What is Test Data Management?
Test data management (TDM) refers to the function that creates, manages, and delivers test data to application teams. Historically, application teams have manufactured data for development and testing in a siloed, unstructured fashion.
Current State of Test Data Management
In today’s digital era, every company must bring high-quality applications to market at an increasingly competitive pace. While companies have adopted agile and DevOps methodologies in pursuit of this goal, many have significantly underinvested in test data—which has emerged as a constraint in the race to innovate.
The TDM market has shifted to a new set of strategies, largely driven by an increased focus on application uptime, faster time-to-market, and lower costs. TDM is rapidly maturing alongside other IT initiatives such as DevOps and cloud.
Once viewed as a back-office function, test data management (TDM) is a critical business enabler for enterprise agility, security, and cost efficiency. As the volume of application projects increases, many large IT organizations are recognizing the opportunity to gain economies of scale by consolidating TDM functions into a single group or department—enabling them to take advantage of innovative tools to create test data and operate much more efficiently than siloed, decentralized, and unstructured TDM teams.

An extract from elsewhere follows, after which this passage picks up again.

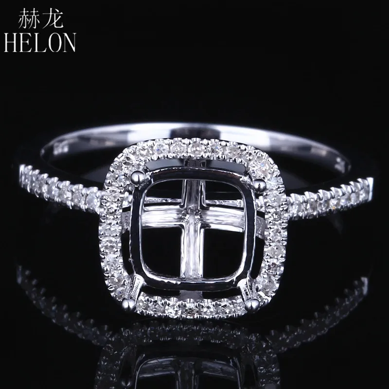 Na prodazhu - HELON 7x7 мм Подушка из стерлингового серебра 925 пробы для свадебной вечеринки красивые женские кольца с натуральным бриллиантом с полукреплен... Spetsial'naya tsena

As increasing centralization has begun to yield large efficiency gains, the scope of TDM has since expanded to include the use of subsetting and synthetic data generation, and most recently, the use of masking to manipulate production data.
Common Test Data Challenges
Application development teams need fast, reliable test data for their projects, but many are constrained by the speed, quality, security, and costs of moving data across software development lifecycle (SDLC) environments. Below are the most common challenges that organizations face when it comes to managing test data.
Test environment provisioning is a slow, manual, and high-touch process
Most IT organizations rely on a request-fulfill model, in which developers and testers find their requests queuing behind others. Because it takes significant time and effort to create a copy of test data, it can take days, or even weeks to provision updated data for a test environment.
Often, the time to turn around a new environment is directly correlated to how many people are involved in the process. Enterprises typically have 4 or more administrators involved in setting up and provisioning data for a non-production environment. Not only does this process place a strain on operations teams, it also creates time sinks during test cycles, slowing the pace of application delivery.
Development teams lack high-fidelity data
Development teams often lack access to test data that is fit for purpose. For example, depending on the release version being tested, a developer might require a data set as of a specific point in time. But all too often, he or she is forced to work with a stale copy of data due to the complexity of refreshing an environment. This can result in lost productivity due to time spent resolving data-related issues and increases the risk of data-related defects escaping into production.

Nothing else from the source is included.